▸ Task details:
Return the lines below exactly, please, from the one containing "Hier finden Sie" through the last one, both included, and leave out any pictures.

:: Input data

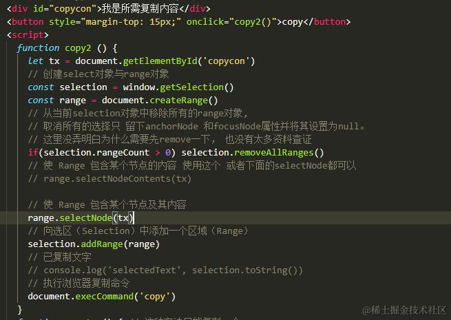 后来我又发现使用input / textarea进行复制操作 这种方式更加简单 因为二者有一个select() 函数能够便捷的复制而不需要去创建select对象与range对象
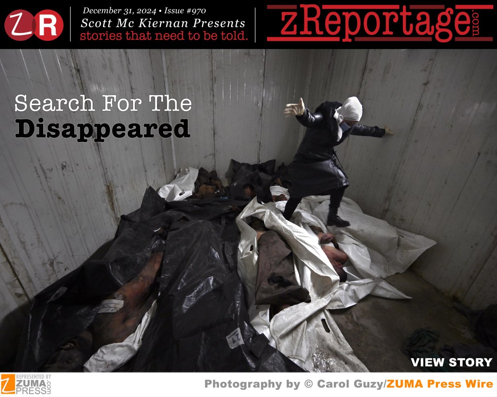 Scott Mc Kiernan Presents zReportage.com Issue #970 Story of the Week: Published TUESDAY, December 31, 2024: ‘Search For The Disappeared’ Pictures by 4 time Pulitzer Prize winning ZUMA Press photographer Carol Guzy in Damascus: Images of tortured victims bodies cover the the outside walls of Al-Mujtahid Hospital in central Damascus. Every day, since the fall of Syrian dictator Bashar al-Assad’s regime, a crowd of family members mothers, sisters, fathers, brothers come together to examine this wall of horror. They look closely at the disfigured corpses with smashed faces some with no eyes, in the hope of recognizing a lost loved one who disappeared into Syria’s notorious prison system during the 13 year civil war. On December 8, a rebel offensive led by the Islamist group Hayat Tahrir al-Sham ousted President Bashar al-Assad. The Syrian Observatory for Human Rights estimates more than 100,000 people died in Syrian prisons during a brutal regime. Welcome to: ‘Search For The Disappeared’
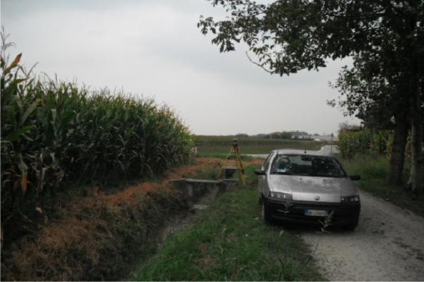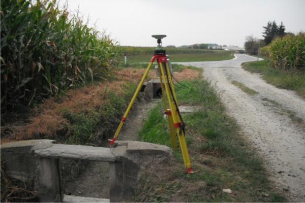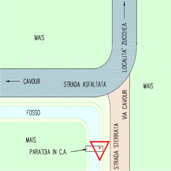 Centrino metallico del Ministero delle Finanze – Catasto di Torino murato su una chiusa in cemento armato nei pressi di una curva.
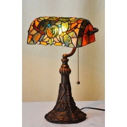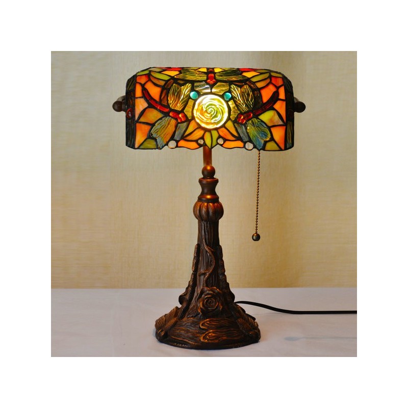 25 cm Dragonfly Rose Tiffany vitrāžas galda lampa
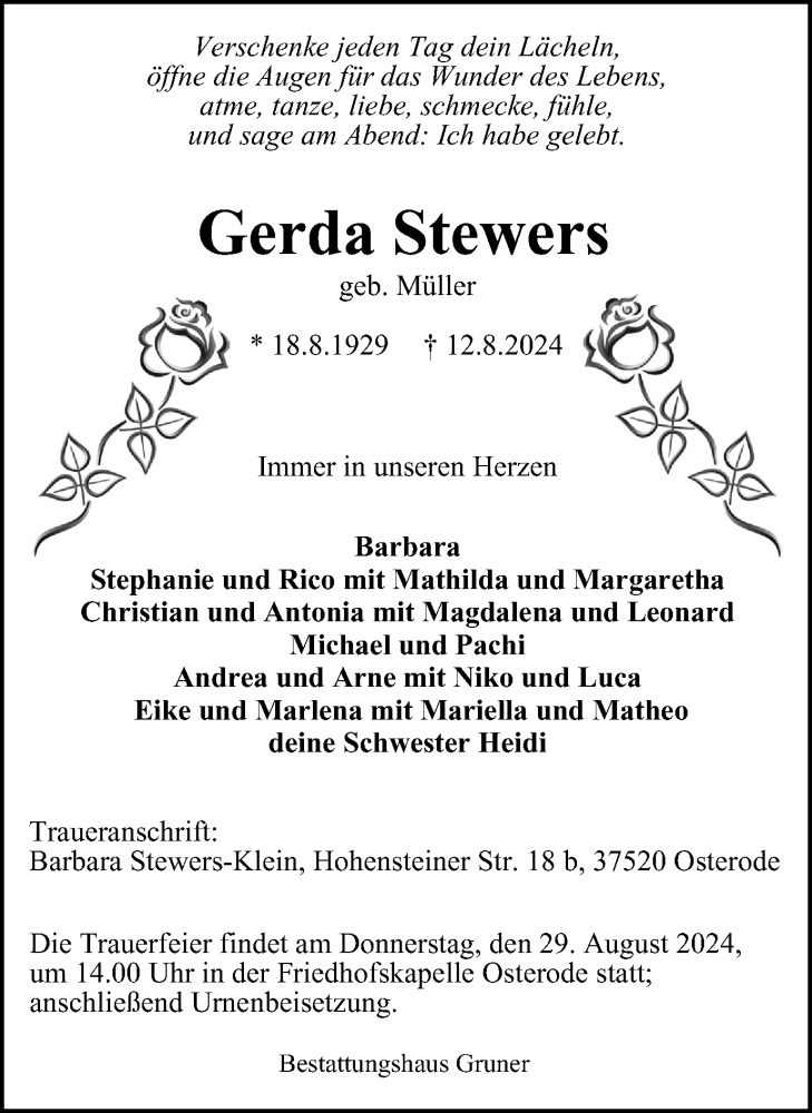 Hier finden Sie alle Traueranzeigen aus der Zeitung, die bisher für Gerda Stewers erschienen sind. Weitere Traueranzeigen, die in der Zeitung erscheinen, werden hier ebenfalls aufgelistet
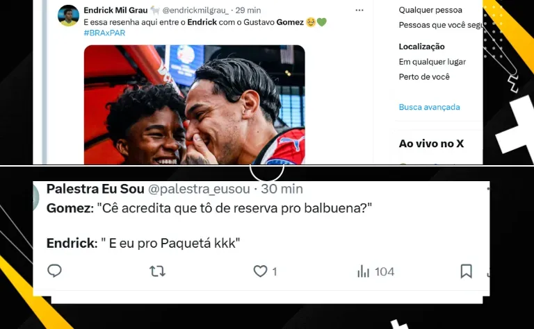O garoto de 17 anos, então, compartilharia da visão do companheiro de Palmeiras, já que não consegue ser titular de Dorival, nem mesmo com três gols em cinco partidas pela Seleção. “E eu sou (reserva) para o Paquetá”, diz o palmeirense sobre eventual resposta de Endrick.

::::

▸ Solution to this task:
 Hier finden Sie alle Traueranzeigen aus der Zeitung, die bisher für Gerda Stewers erschienen sind. Weitere Traueranzeigen, die in der Zeitung erscheinen, werden hier ebenfalls aufgelistet
O garoto de 17 anos, então, compartilharia da visão do companheiro de Palmeiras, já que não consegue ser titular de Dorival, nem mesmo com três gols em cinco partidas pela Seleção. “E eu sou (reserva) para o Paquetá”, diz o palmeirense sobre eventual resposta de Endrick.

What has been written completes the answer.